I moved through the tables and sat down across from her. I eyed her tits, and decided that if I made it through the lunch, I’d grant her a quick screw, then never look at her again.

That was my thought as I sat down across from Emma Blanton. Which, looking back, was ludicrous.

13

#likeforlikes

EMMA: 5,112 FOLLOWERS

Bojan had prepped me for my lunch. Which was to say that he’d gotten high on a bag of edibles, zoned out on my couch, and watched me try on five outfits before nodding his approval. He’d also told me that guys like boobs, to smile a lot, and to check my teeth for spinach.
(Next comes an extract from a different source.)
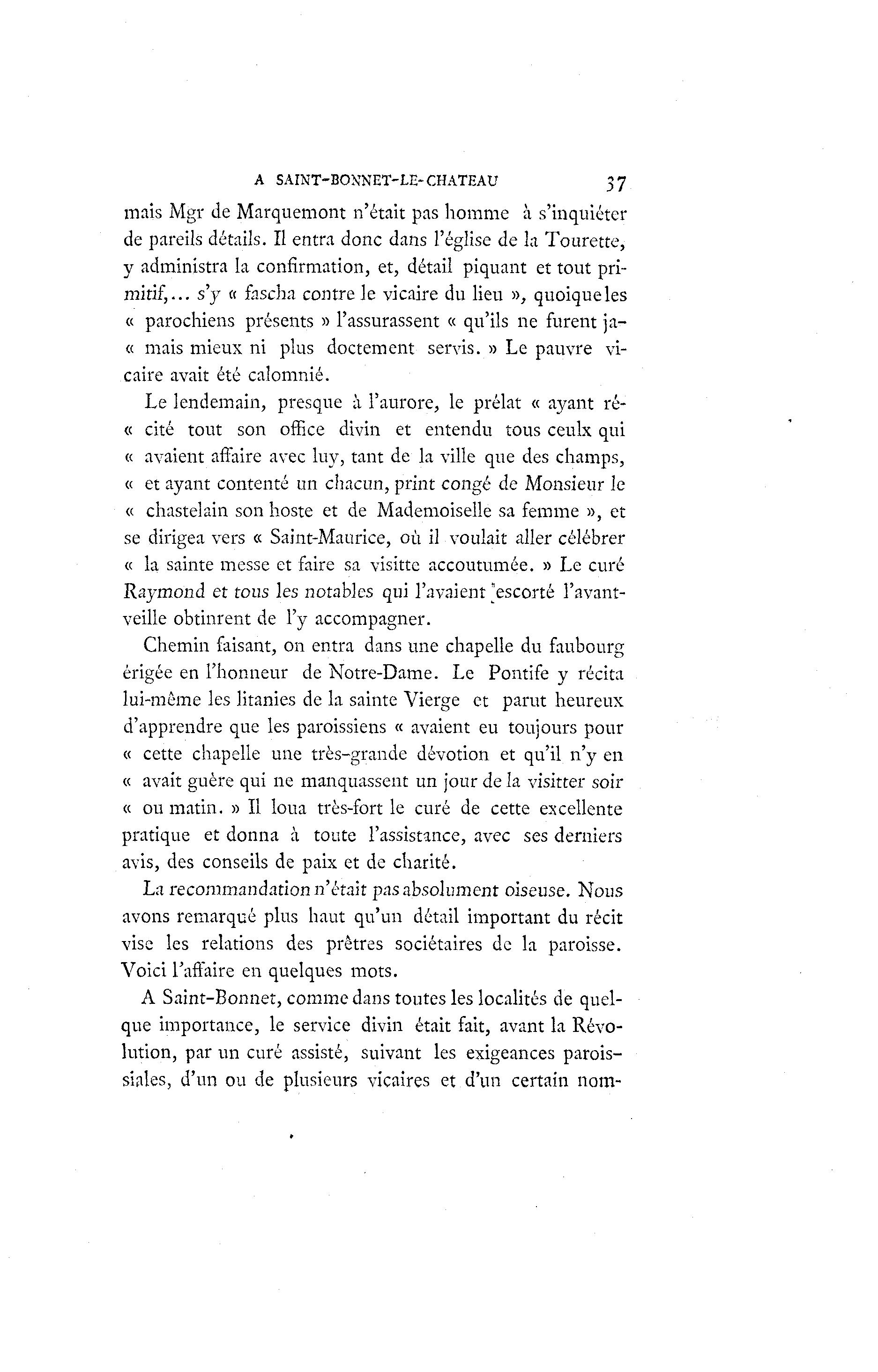 A SAINT-BONNET-LE- CHATEAU 37 mais Mgr de Marquemont n'était pas homme à s'inquiéter de pareils détails. Il entra donc dans l'église de la Tourette, y administra la confirmation, et, détail piquant et tout pri- mitif, ... s'y « fascha contre le vicaire du lieu », quoique les « parochiens présents » l'assurassent « qu'ils ne furent ja- « mais mieux ni plus doctement servis. » Le pauvre vi- caire avait été calomnié. Le lendemain, presque à l'aurore, le prélat « ayant ré- « cité tout son office divin et entendu tous ceulx qui « avaient affaire avec luy, tant de la ville que des champs, « et ayant contenté un chacun, print congé de Monsieur le « chastelain son hoste et de Mademoiselle sa femme », et se dii'igea vers « Saint-Maurice, où il voulait aller célébrer « la sainte messe et faire sa visitte accoutumée. » Le curé Raymond et tous les notables qui l'avaient 'escorté l'avant- veille obtinrent de l'y accompagner. Chemin faisant, on entra dans une chapelle du faubourg érigée en l'honneur de Notre-Dame. Le Pontife y récita lui-même les litanies de la sainte Vierge et parut heureux d'apprendre que les paroissiens « avaient eu toujours pour « cette chapelle une très-grande dévotion et qu'il n'y en « avait guère qui ne manquassent un jour de la visitter soir « ou matin. » Il loua très-fort le curé de cette excellente pratique et donna à toute l'assistance, avec ses derniers avis, des conseils de paix et de charité. La recommandation n'était pas absolument oiseuse. Nous avons remarqué plus haut qu'un détail important du récit vise les relations des prêtres sociétaires de la paroisse. Voici l'affaire en quelques mots. A Saint-Bonnet, comme dans toutes les localités de quel- que importance, le service divin était fait, avant la Révo- lution, par un curé assisté, suivant les exigeances parois- siales, d'un ou de plusieurs vicaires et d'un certain nom-

“And bite your tongue,” Vidal advised, using a stiff brush on my eyebrows. “If you feel like saying anything opinionated, don’t. All we have to do is get you through one lunch, catch one photo of him smiling at you like you’re the love of his life, and we’re golden.”

No guy had ever smiled at me as if I was the love of his life. The idea that Cash Mitchell would was ridiculous. I voiced the thought, and Vidal chuckled. “Girl, he’s made millions off of giving women hope. The man’s a born flirt. Don’t worry, this will be easy.”

I thought of five years ago, when I’d lifted my empty cup up to hide the bottom half of my face. He’d called me beautiful, and I had ached at the compliment, fought butterflies for weeks afterward, continually refreshed his social media and practically pinned him to my vision board. Vidal was right. He was a born flirt, and I wasn’t the only woman that he’d given hope to. I had followed him and watched my account, both desperate and afraid that he would follow me back. But he hadn’t.

It had been a line, a valiant moment where he had saved me from embarrassment. That was it. I had been the pathetic girl who had hoped it meant something.

Now, I sat in the predetermined table, at a restaurant that charged forty-eight dollars for a hamburger, and ran through the list of topics I had memorized and researched to discuss. The door to the restaurant swung open, and I forgot all of it the moment he stepped in.